There is an epidemic sweeping through writing groups around the globe. Day after day writers drag their weary fingers and bleary eyes into my office and beg for a cure.
The symptoms they describe are all too familiar:
~ Writers block
~ Inability to create a coherent sentence
~ Problems with usually simple tasks such as spelling
Sometimes the disease is only in its early stages and writers have a few pages they have managed to create but refuse to share out of embarrassment. Others in more severe distress claim that the blank page (or computer screen) is silently mocking them. They are sure they will never write again.
The diagnosis is not the commonly-called “writer’s block” as so many claim but rather the easily cured Roughdraftitis. Too often writers are in a hurry to capture their ideas in print or to finish a project. Often what they attempt to do in an effort to “save time” is to skip one or more steps in their personal writing process. Then they discover that rather than save time they are wasting it while struggling to write their rough draft.
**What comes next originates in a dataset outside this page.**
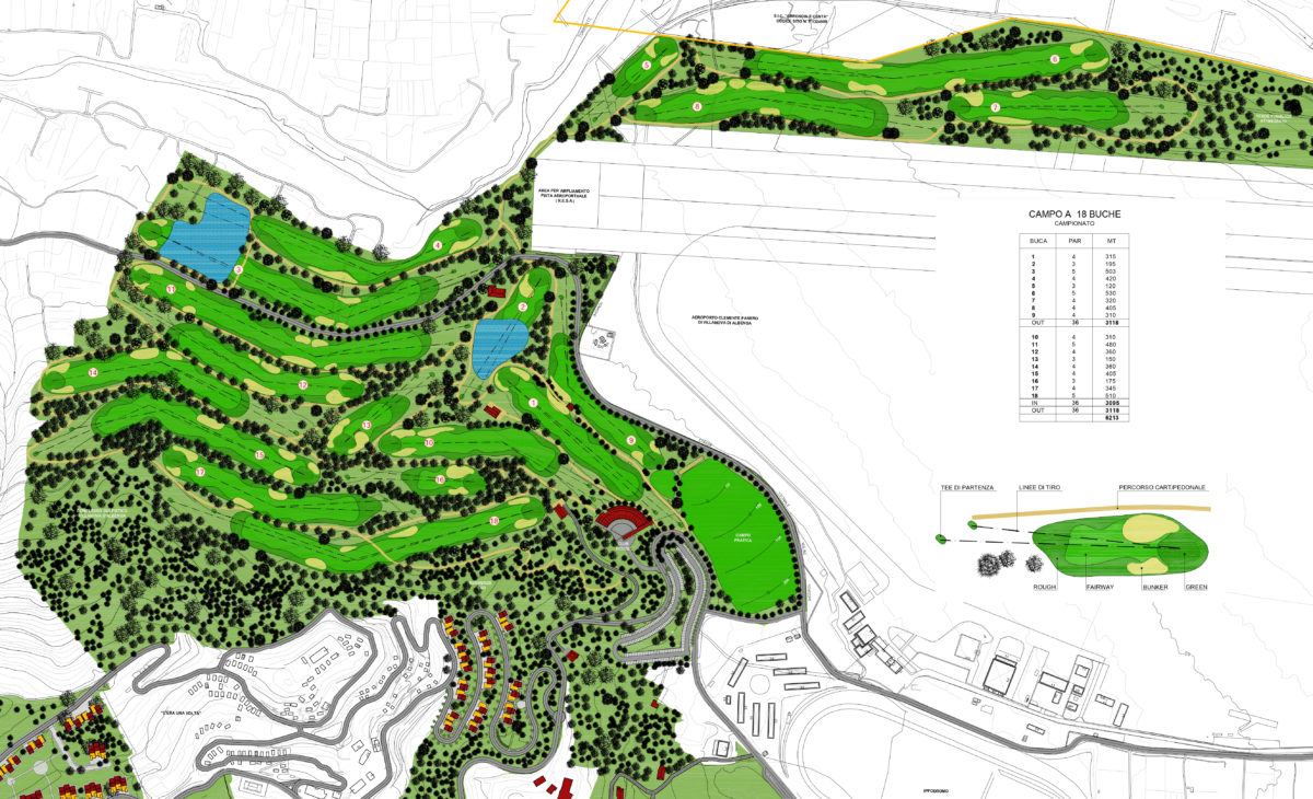 The project involves the construction of two golf courses, an 18-hole championship course and a 9 hole executive course, both equipped with Club House and the necessary services.

The cure is simple. Allow your personal writing process to work through at its own pace. Use time to your advantage and give your brain the space and time it needs to work its magic. Most important of all, give yourself permission to write a really crappy rough draft.
Who says that a rough draft has to be something wonderful readable? Often times the reason writers struggle with their rough draft is that they are not really writing a rough draft. They have a vision in their head of the perfect final draft they hope to create and for some reason they expect that final draft to be born whole and wonderful at the tips of their fingers. Silly writer, beautiful final drafts are not made from whole cloth but are rather cut, stitched and patched together from the good bits of quite imperfect rough drafts. Beautifully crafted writing takes time and it takes more than one draft to create.
The next time you find yourself struggling with Roughdraftitis take the following prescription:
~ Sit your butt in a chair and start writing. Do not leave your chair until the rough draft is complete.
~ Do not reread or revise as you write.
~ Do not worry about spelling, grammar, or the perfect word choice.
~ Do not worry about organization or detail.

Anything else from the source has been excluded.